Олег заметил черную палку, на которую опирался незнакомец, быстро отодвинул стул:

– Присаживайтесь.

– Спасибо. – Пожилой уселся, нога так и осталось прямой. – Только не принимай меня за инвалида, сынок: на протезе я ковыляю дольше, чем ты на своих двоих. Просто не люблю пить пиво в одиночестве, а кроме тебя, здесь, пожалуй, и словом перемолвиться не с кем.

– Разве?

– Ты об этих? Кладбища мозгов. Зачем мне такая компания?

Олег пожал плечами:

– Я тоже не весельчак.

Пожилой окинул его ясным взглядом, сказал:

– У тебя, мил человек, душевная несвязуха. Пройдет. Порой, чтобы на верную дорожку ступить да за верное дело зацепиться, и перестоять не вредно, перетоптаться. Вот ты и топчешься. Это совсем не то же, что плюнуть в лицо жизни и доживать век растительно и квело. Так оно, конечно, спокойнее, но уж очень противно.

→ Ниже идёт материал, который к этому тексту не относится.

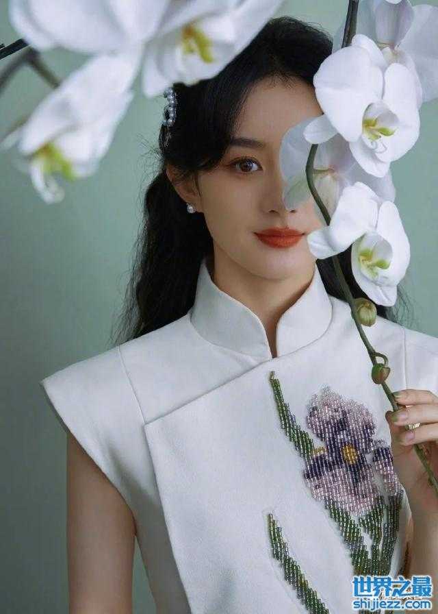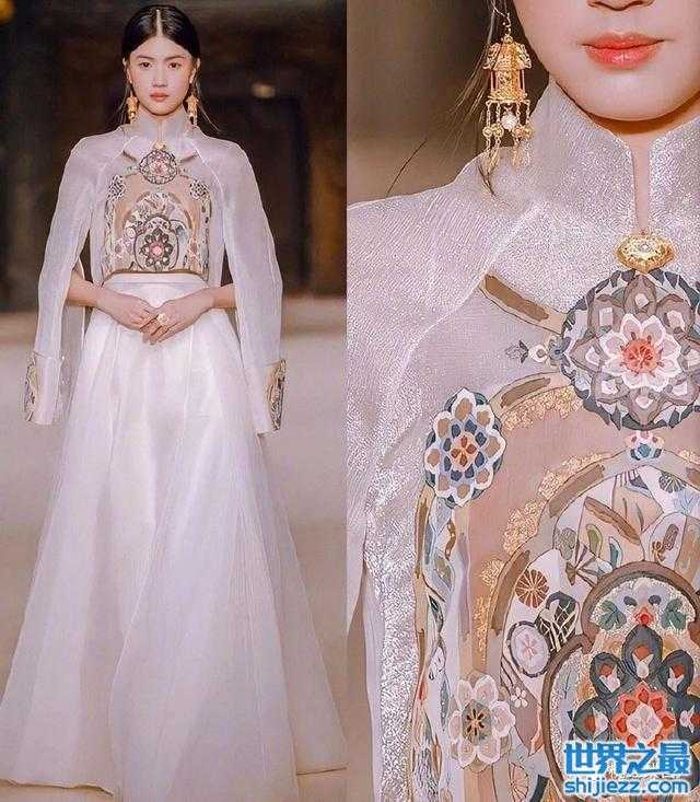 央视五四晚会时,赵丽颖也穿了一件白色改良旗袍。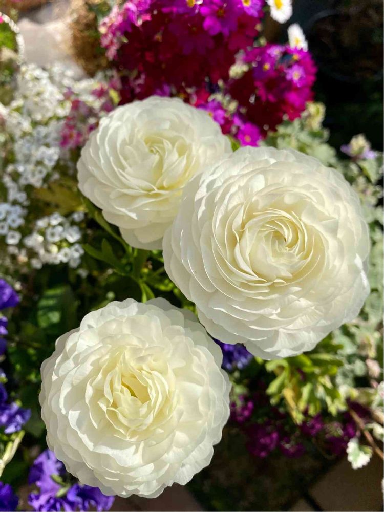 寄せ植えのラナンキュラスが綺麗に咲いていたので……上から📷✨😊🤍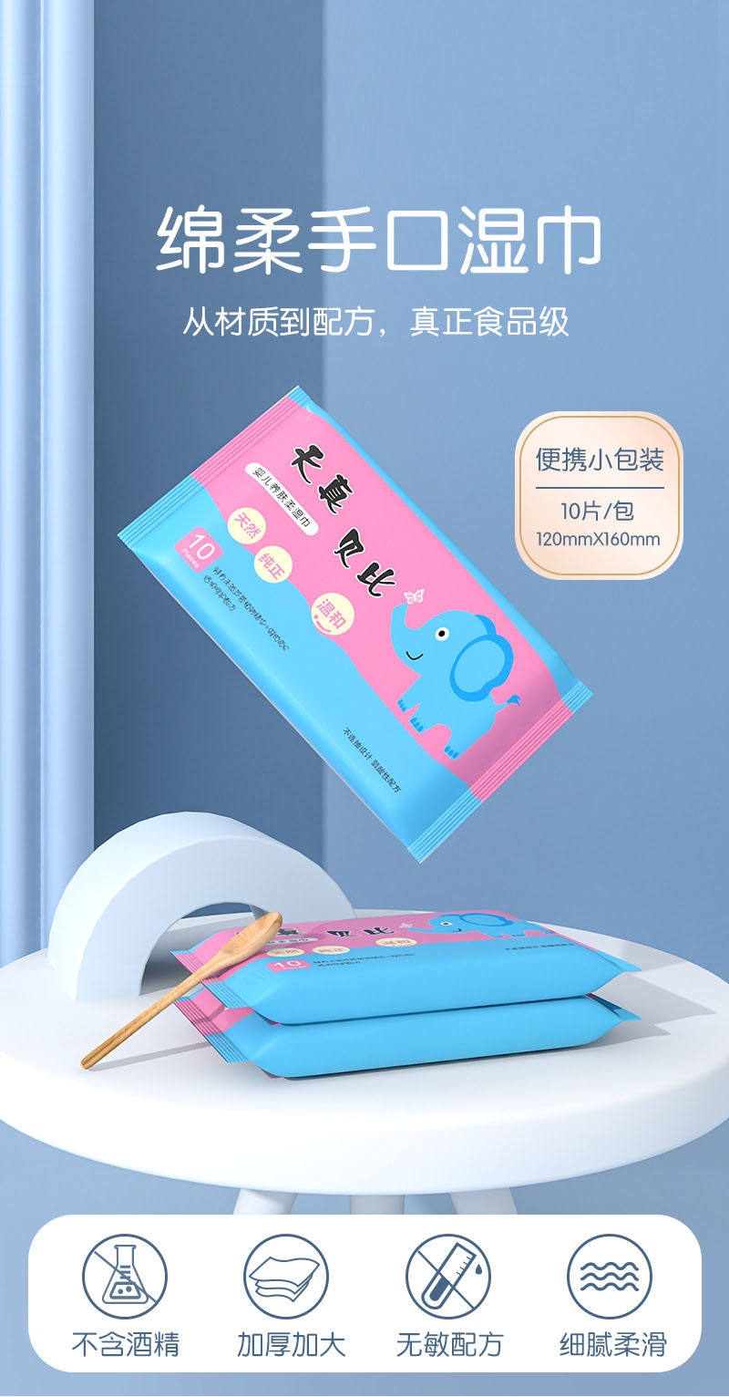 儿童湿巾10片装婴儿湿巾小包抽取式便携湿纸巾十片抽湿巾母婴店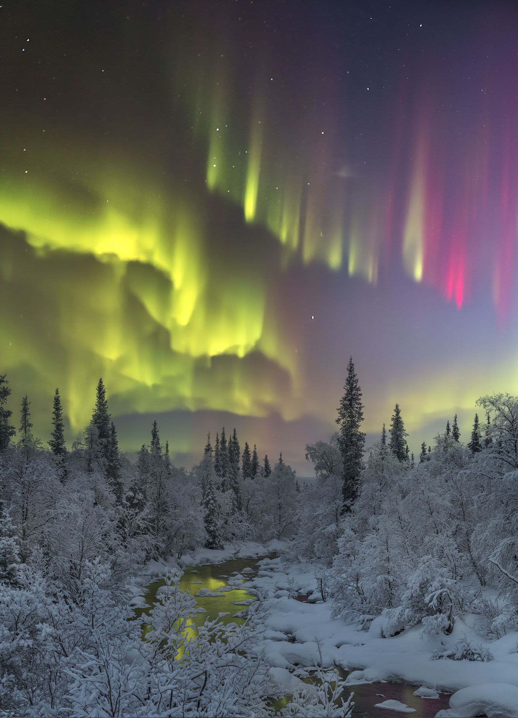 На снимке одна из рек Кольского, сфотографированная в феврале 2022 года. Полярное сияние сделало реку сказочной ареной, над которой разверзлось опаловое свечение с желтыми завихрениями и красными полосами. На сайте я подробно расписываю, как добраться до Кольского, как нам встретиться и как уехать с Кольского.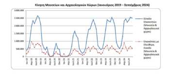Η ΕΛΣΤΑΤ ανακοίνωσε σημαντική αύξηση επισκεπτών και εσόδων των μουσείων (15,3%) και των αρχαιολογικών χώρων (5,7%) το 9μηνο του 2024, συγκριτικά με το αντίστοιχο του 2023. Η Ελληνική Στατιστική Αρχή (ΕΛΣΤΑΤ) ανακοίνωσε τα αποτελέσματα της Έρευνας Κίνησης Μουσείων και Αρχαιολογικών Χώρων για τον Σεπτέμβριο 2024. Πιο αναλυτικά: Κατά το μήνα Σεπτέμβριο 2024 σε … [Περισσότερα...]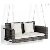 4ft Gray Wicker Hanging Porch Swing With Cushions & Chains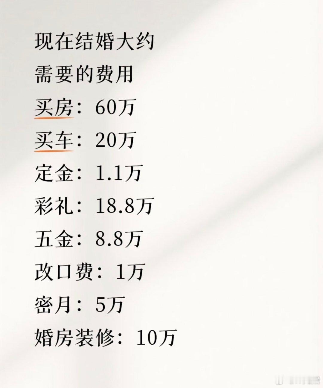 有网友算了一笔账,从基础的彩礼、五金,到婚房,再到代步车、婚礼酒席....各项加起来,普通家庭结婚男方至少要准备120万。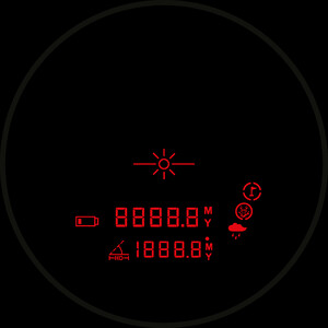 Seine Entfernungsmessungsfunktionen umfassen: Entfernungs-, Regen-, Jagd-, Nah-, Horizontalentfernungs- und Winkelmodus. Die Helligkeit des Displays kann manuell in 6 Stufen eingestellt werden.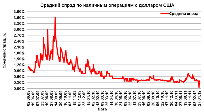 Средний спрэд по наличным операциям с долларом США за прошедшую неделю повысился на 0,34% до уровня 0,38%, что является умеренной величиной, и не дает пока оснований для беспокойства.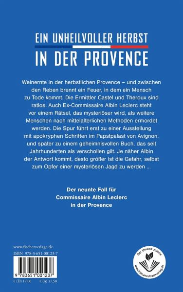Weinernte in der herbstlichen Provence - und zwischen den Reben brennt ein Feuer, in dem ein Mensch zu Tode kommt. Die Ermittler Castel und Theroux sind ratlos. Auch Ex-Commissaire Albin Leclerc steht vor einem Rätsel, das mysteriöser wird, als weitere Menschen nach mittelalterlichen Methoden ermordet werden. Die Spur führt erst zu einer Ausstellung mit apokryphen Schriften im Papstpalast von Avignon, und später zu einem geheimnisvollen Buch, das seit Jahrhunderten als verschollen gilt. Je näher Albin der Antwort kommt, desto größer ist die Gefahr, selbst zum Opfer einer mysteriösen Jagd zu werden ...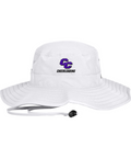 100% polyester, Unisex, Unstructured, Performance sweatband, UPF 30 Ultra-violet protection (White is UPF 25), Sewn eyelets, Adjustable drawcord and toggle at back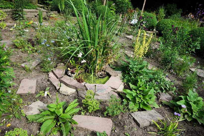 Mooi voorbeeld van gestapelde tegels voor een levendige vijver in de kleine beestjestuin van Wankja Ferguson – in de Wilde Weelde Wereld in Appeltern (foto genomen in maart 2016, dus de vijver is nog kaal).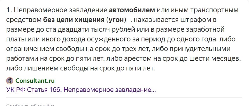 Что самое примечательное, весьма хороший пример борьбы с данными преступлениями в Узбекистане: Там утром поймали за рулем чужого авто- вечером уже 15 лет дали, поймали вечером- утром уже 15 лет в кармане. Именно поэтому еще в 90 е там о сигнализациях и платных охраняемых парковках и не слышали в силу отсутствия необходимости в них, открытые кабриолеты стояли ночью и к ним никто не подходил.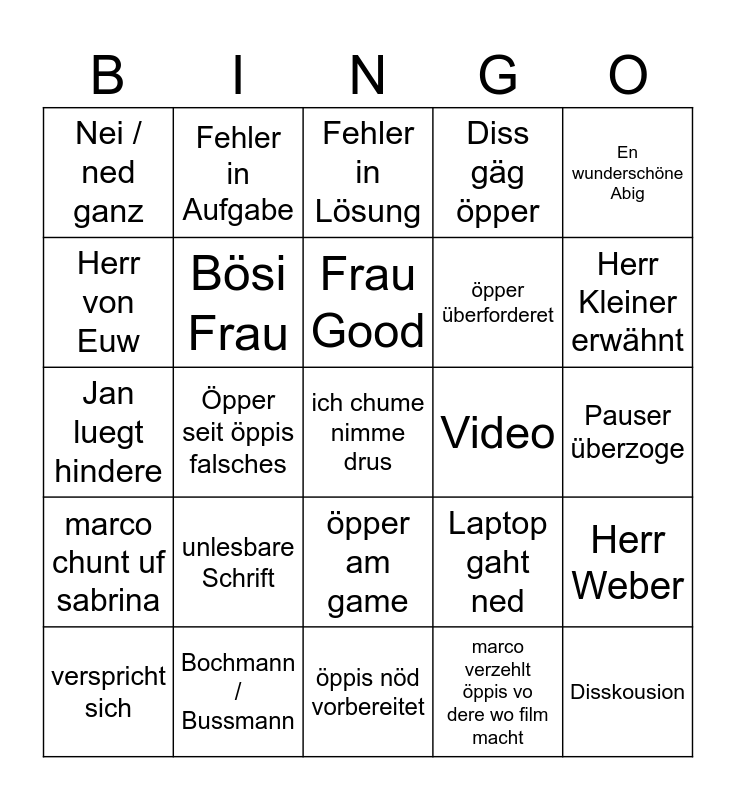 This bingo card has a free space and 24 words: unlesbare Schrift, Bochmann / Bussmann, Frau Good, verspricht sich, En wunderschöne Abig, Nei / ned ganz, Herr von Euw, Fehler in Aufgabe, Video, öpper am game, öpper überforderet, Jan luegt hindere, Laptop gaht ned, Herr Weber, Bösi Frau, marco verzehlt öppis vo dere wo film macht, Pauser überzoge, Fehler in Lösung, Herr Kleiner erwähnt, Öpper seit öppis falsches, Disskousion, marco chunt uf sabrina, Diss gäg öpper and öppis nöd vorbereitet.

Пожилой утопил в пиве усы и в три глотка выпил полбокала. Крякнул, отер пену привычным жестом, кивнул:

– Меня Иваном Алексеевичем звать.

– А я – Олег.

– Так что не томись, Олег. Перемелется все – мука будет. Вот из нее‑то и можно хлебушко печь. Только позаботиться нелишне, чтобы очаг был.

– Лучше камин.

– Очаг. Дом. Место, где тебе не страшен мир, каким бы уродливым ликом он к тебе ни оборачивался. – Пожилой вздохнул. – А к дому войну и близко подпускать нельзя. А у нас... – Иван Алексеевич отхлебнул еще пива. – И не война вроде еще, но уже давно не мир. Одни людишки по жизни волками серыми рыщут, другие – стволами осиновыми стынут, да будто в сыром лесу... На волю дровосека.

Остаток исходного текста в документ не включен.